The ACCC legal action is based on supermarket tactics to offer an item on special, and when it was returned to full price, the final price was higher than the original purchase price, a tactic it described as offering an ‘illusionary’ discount.
The ACCC alleges the conduct involved 266 products for Woolworths at different times across 20 months, and 245 products for Coles at different times across 15 months.
“We allege these misleading claims about illusory discounts diminished the ability of consumers to make informed choices about what products to buy, and where,” the ACCC said in a statement announcing the legal action.
To join the GMP action visit here. To join the Carter Capner Law action, visit here.
Would you join the class actions? Why not share your opinion in the comments section below?
Also read: Pointless laws and milk wars: will these moves bring grocery prices down?
I might join, but I would think any such cases would drag on for a decade or more before the courts while the lawyers had a field day.
Yes, I’d love a $5000 refund from supermarkets, but how on earth would this be policed? I barely spend $40 a week at supermarkets, lucky to have a weekly market for most essential food. And really, as recent class actions have shown, people end up getting miserly amounts. A friend had her life ruined by the cervical mesh disaster, she got the paltry amount of $28000 from a class action.
Yes Suzy, most of the money from that class action went to the legal company. It was a fantastic earner for them.

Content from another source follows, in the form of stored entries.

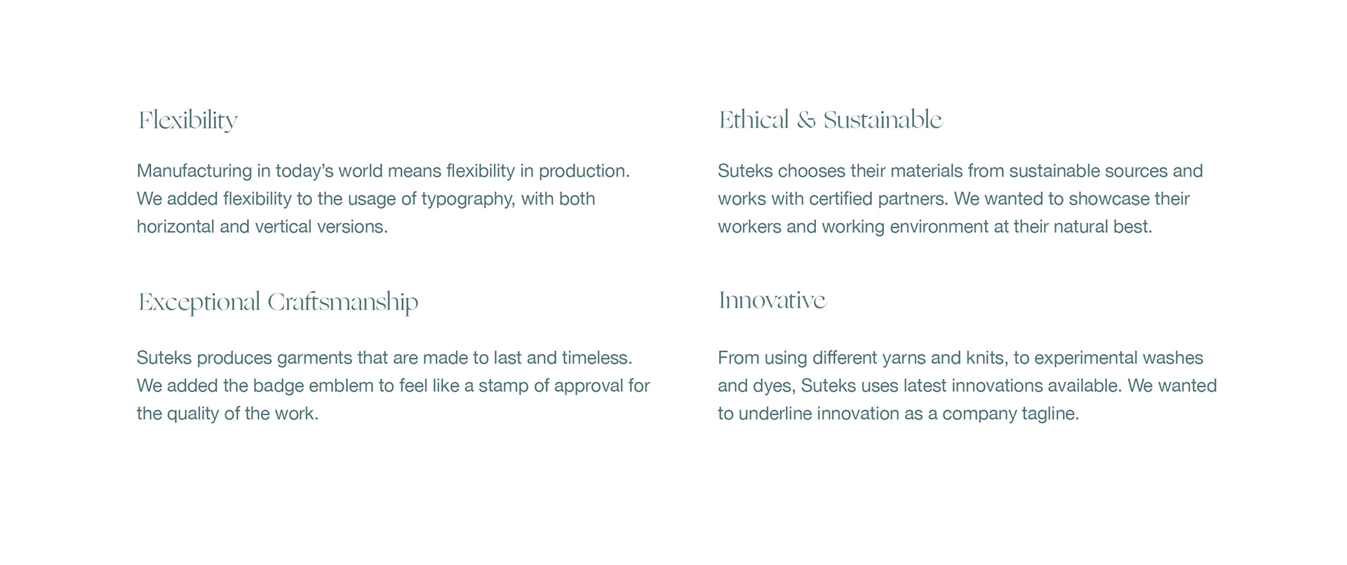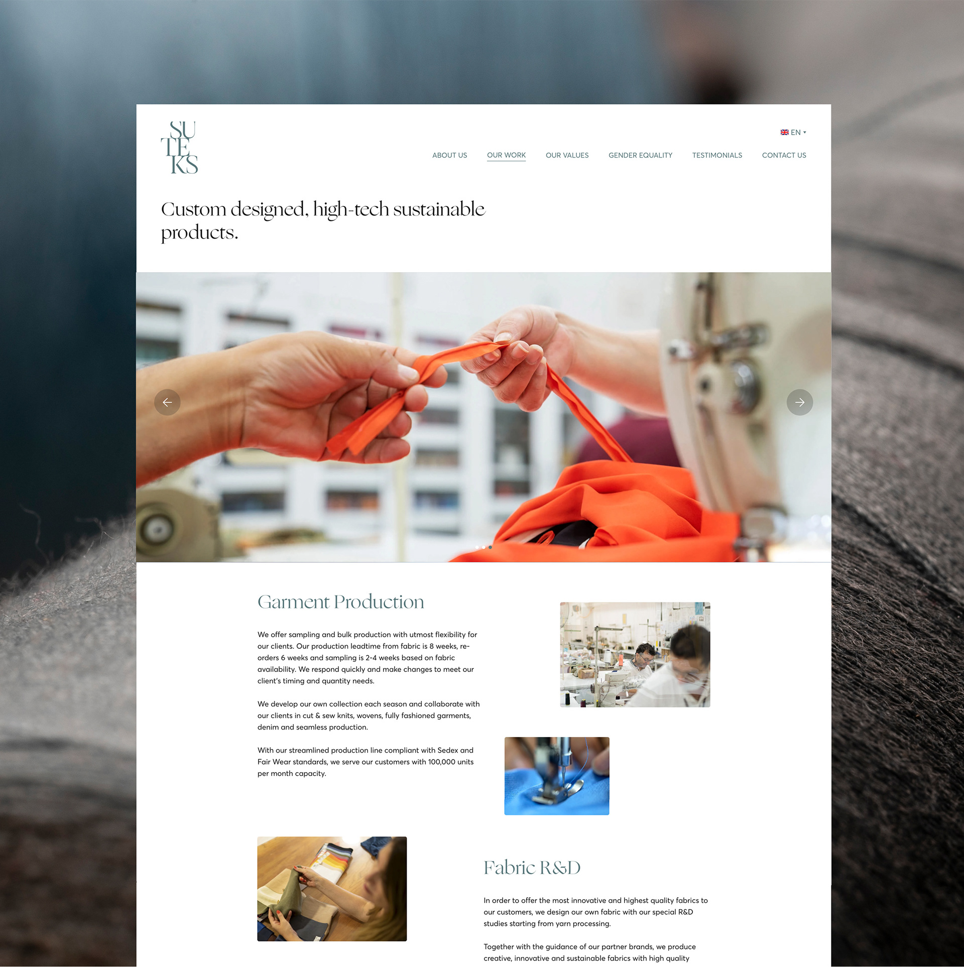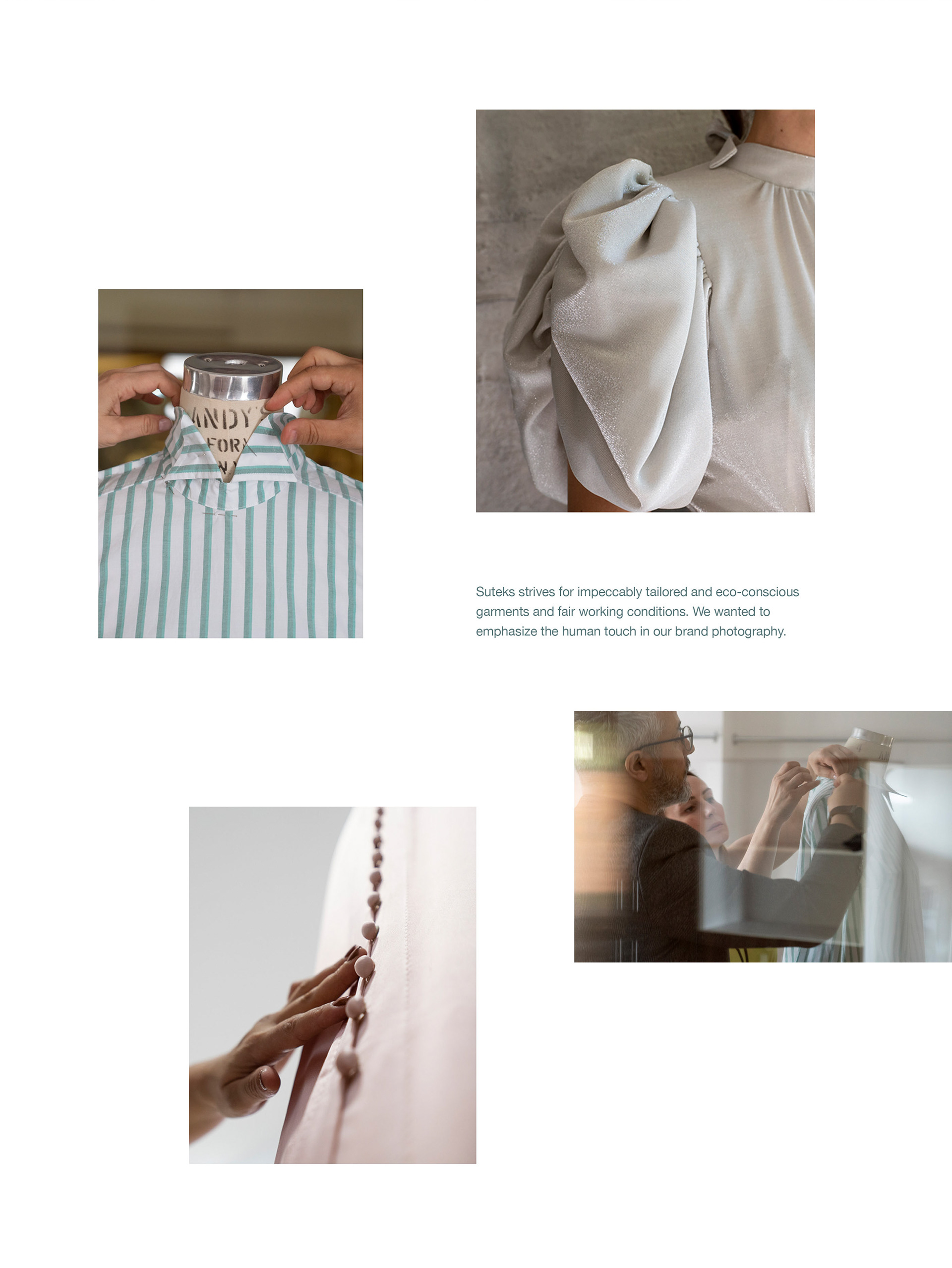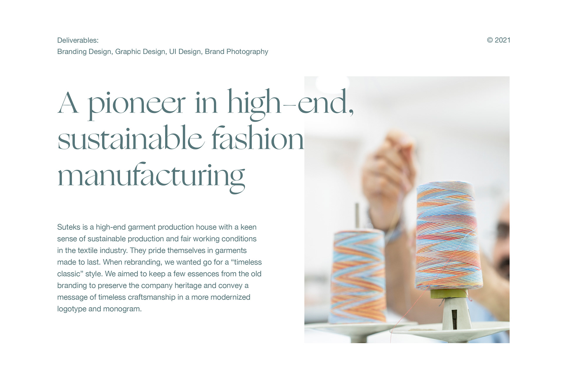Suteks is a high-end garment production house with a keen sense of sustainable production and fair working conditions. They pride themselves in garments made to last. When rebranding, we wanted go for a “timeless classic” style. We aimed to keep a few essences from the old branding to preserve the company heritage and convey a message of timeless craftsmanship in a more modernized logotype and monogram. We also made a company photoshoot to emphasize the human touch both in terms of craftsmanship and workplace positivity.
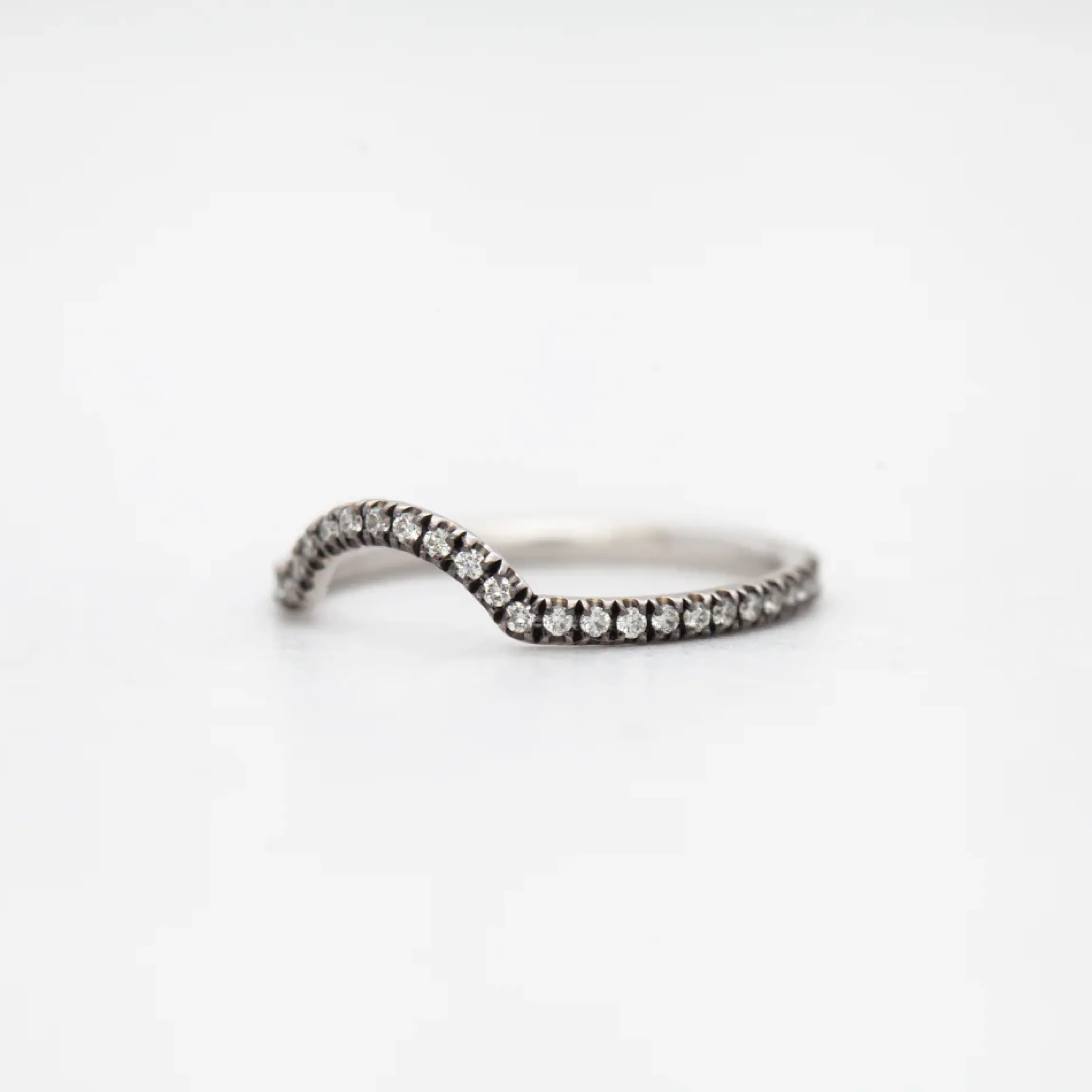 Don’t be fooled by its delicate nature—this scalloped band by Anna Sheffield packs a high-contrast punch thanks to a touch of black rhodium. Brides will find that it gracefully nests with a myriad of different engagement ring styles, making it a perfect addition to almost any stack. Designed in New York.
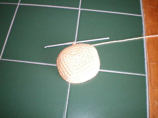 6. 4 sc, (3 sc en el siguiente st, 8 sc) 3 veces, 3 sc en el siguiente st, 4 SC. (44)
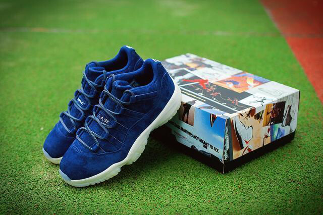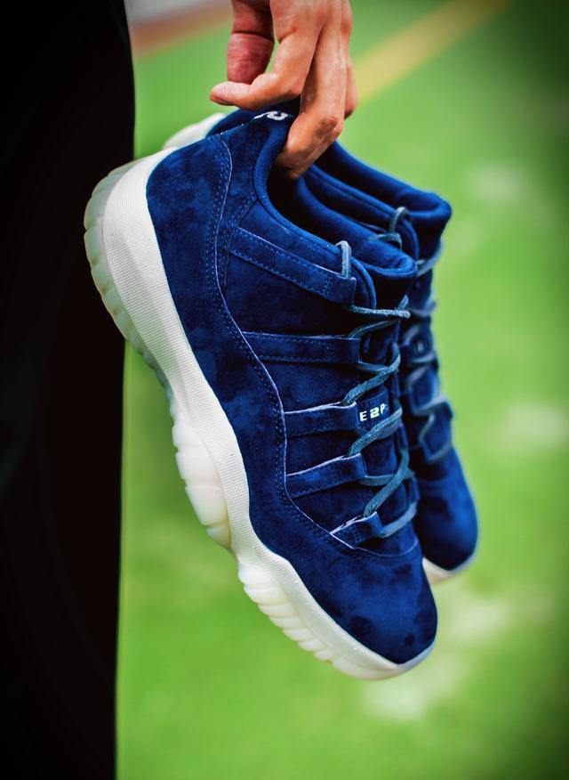 回到今天的主题上,这款AJ 11 Low全身采用蓝色麂皮打造奢华感十足,因此发售价要比一般的AJ 11要高,鞋后跟数字2代表Jeter本人的号码,在右鞋舌面上还有“RE2PECT”把数字2巧妙的加在英文Respect(尊重)里,示意向Jeter致敬,整款鞋可谓是细节满满。

It would be highly amusing to see the two majors stop all price competition and simply sell everything at the manufacturers recommended retail price for a couple of months. Watch people bleat their little hearts out then. At the heart of all of this is the ambit claim that ‘competition leads to lower prices’, which is chanted like a mantra at every opportunity by the ACCC. But does it really? Or does it lead to an illusion of lower prices in one area, subsidised by prices elsewhere, or with consequences to suppliers or manufacturers in the supply chain? Everyone wanted the lower milk prices until they saw the effects on the dairy producers. Much like the cry for lower air fares continually sends one airline after another broke (and the public picking up the bill for unfunded employee entitlements). Transport services who move all the groceries around are regularly charged by the media as overworking their drivers with illegally long shifts and paying less than it takes to cover the expenses of running the trucks. So people leave that industry broke and broken, and nationally we now have a driver shortage. All for 2c off your can of sweet chilli tuna? And now this nonsense about a class action because the public are – what – gullible to glib marketing phrases? What utter nonsense.